Here, comrades, hold this fool who would stain his soul with murder.’
Now the Spaniards clutched de Garcia by the arms, and he cursed and raved at them, for as I have said, his rage was that of a beast rather than of a man.
But I stood bewildered, not knowing whither to fly.
Fortunate it was for me indeed that one was by who though she understood no Spanish, yet had a quicker wit.
For while I stood thus, Otomie clasped my hand, and whispering, ‘Fly, fly swiftly!’ led me away from the stone of sacrifice.
‘Whither shall we go?’ I said at length.
‘Were it not better to trust to the mercy of the Spaniards?’
‘To the mercy of that man-devil with the sword?’ she answered.
‘Peace, Teule, and follow me.’
Now she led me on, and the Spaniards let us by unharmed, ay, and even spoke words of pity as we passed, for they knew that we were victims snatched from sacrifice. Indeed, when a certain brute, a Tlascalan Indian, rushed at us, purposing to slay us with a club, one of the Spaniards ran him through the shoulder so that he fell wounded to the pavement.
So we went on, and at the edge of the pyramid we glanced back and saw that de Garcia had broken from those who held him, or perhaps he found his tongue and had explained the truth to them.

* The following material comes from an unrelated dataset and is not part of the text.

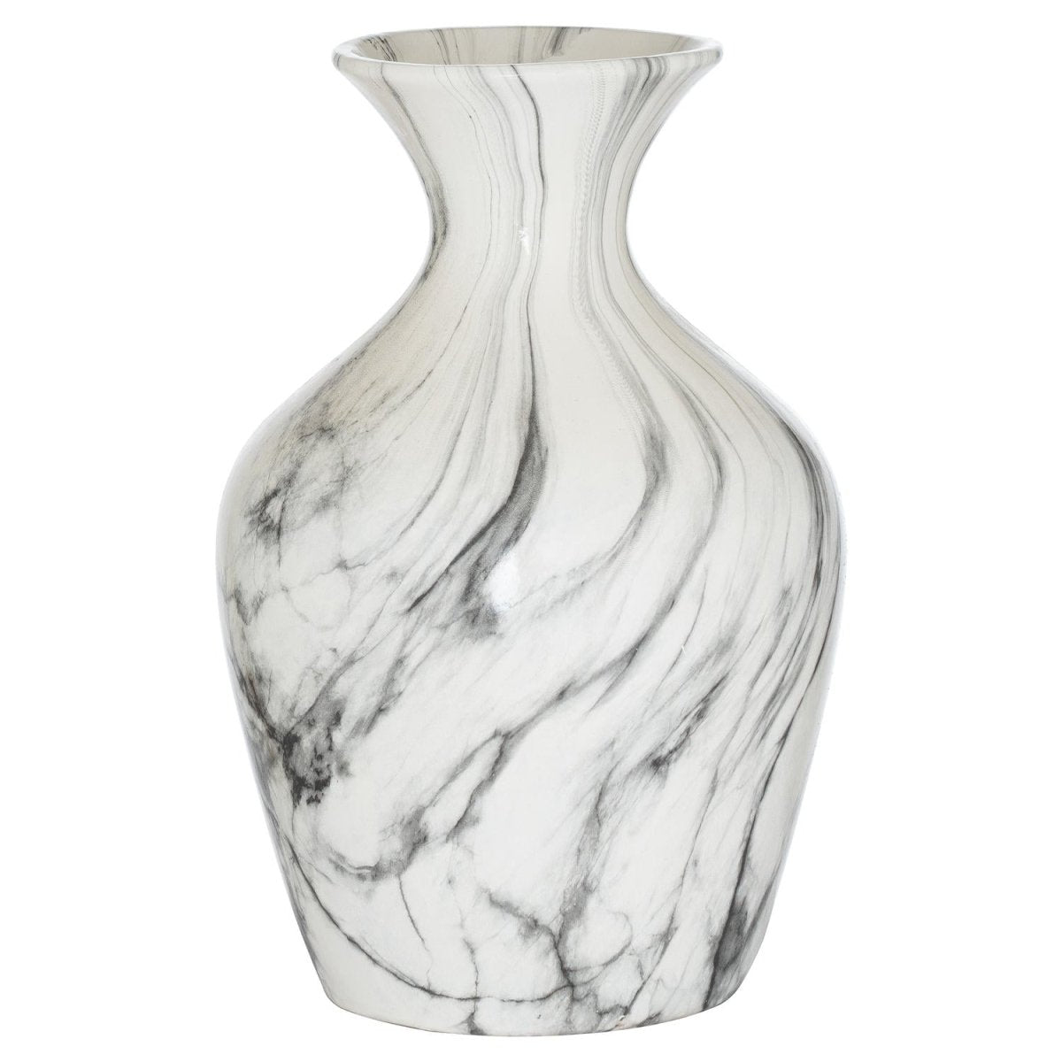 This is the Marble Ellipse Large Vase. This stylish vase boasts a completely unique hand-dipped marble finish to the ceramic that will wow in any space. The marble effect finish to this elegant vase allows you to layer extra texture into a space. Our collection of marble vases team beautifully with our faux flowers, particularly pure white blooms and eucalyptus.

At the least he was bounding from the altar of sacrifice nearly fifty yards away, and coming towards us with uplifted sword.
Then fear gave us strength, and we fled like the wind.
Along the steep path we rushed side by side, leaping down the steps and over the hundreds of dead and dying, only pausing now and again to save ourselves from being smitten into space by the bodies of the priests whom the Spaniards were hurling from the crest of the teocalli.
Once looking up, I caught sight of de Garcia pursuing far above us, but after that we saw him no more; doubtless he wearied of the chase, or feared to fall into the hands of such of the Aztec warriors as still clustered round the foot of the pyramid.
We had lived through many dangers that day, the princess Otomie and I, but one more awaited us before ever we found shelter for awhile.
After we had reached the foot of the pyramid and turned to mingle with the terrified rabble that surged and flowed through the courtyard of the temple, bearing away the dead and wounded as the sea at flood reclaims its waste and wreckage, a noise like thunder caught my ear.
I looked up, for the sound came from above, and saw a huge mass bounding down the steep side of the pyramid. Even then I knew it again; it was the idol of the god Tezcat that the Spaniards had torn from its shrine, and like an avenging demon it rushed straight on to me.